风格和内容信息是图像独立于模型的固有属性，是深度神经网络分类任务所依赖的关键信息。然而，大多数现有的基于梯度的攻击主要是通过对模型最终输出的语义扭曲来扭曲与内容相关的信息，而忽略了样式信息的作用。为了充分扭曲图像的固有信息，本文提出了语义式联合期望摄动（ssep）。具体来说，我们首先从代理模型的特征空间中建立基于核函数的风格损失，并将其注入到基于梯度的攻击中，形成语义风格的联合损失（SSL），用于生成联合扰动。随后，我们使用梯度归一化和提出的动态梯度分解方案来解决SSL优化过程中出现的多目标梯度大小差异和梯度冲突问题。最后，我们通过激励期望损失最大化来生成ssep，从而增强对抗性示例（AEs）的可转移性。在ImageNet子数据集上，大量的实验表明，被ssep覆盖的ae具有很高的可移植性。与基线攻击（MI-FGSM）相比，我们的方法在正常训练的模型和防御模型上分别实现了至少14%和5%的攻击成功率。与其他经典和先进的基于梯度的攻击和特征级攻击相比，我们的方法在攻击性能上仍然具有优势。

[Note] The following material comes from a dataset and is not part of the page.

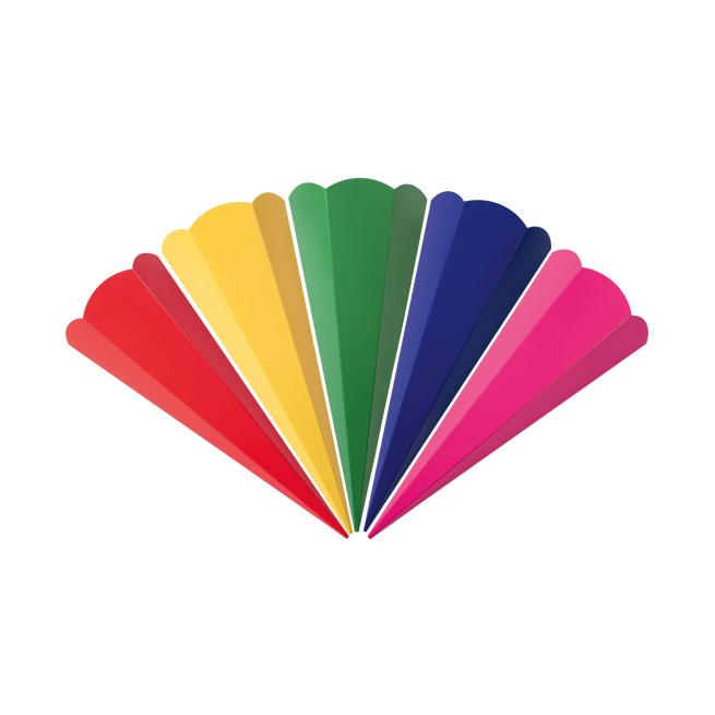 10 Schultüten-Rohlinge in Rot, Gelb, Pink, Blau und GrünProduktdetails

我们的代码可在：https://github.com/OUTOFTEN/TransferAttack-ssep

本文章由计算机程序翻译，如有差异，请以英文原文为准。

求助全文

约1分钟内获得全文求助全文

来源期刊

Pattern Recognition 工程技术-工程：电子与电气

CiteScore

14.40

自引率

16.20%

发文量

683

审稿时长

5.6 months

期刊介绍： The field of Pattern Recognition is both mature and rapidly evolving, playing a crucial role in various related fields such as computer vision, image processing, text analysis, and neural networks. It closely intersects with machine learning and is being applied in emerging areas like biometrics, bioinformatics, multimedia data analysis, and data science. The journal Pattern Recognition, established half a century ago during the early days of computer science, has since grown significantly in scope and influence.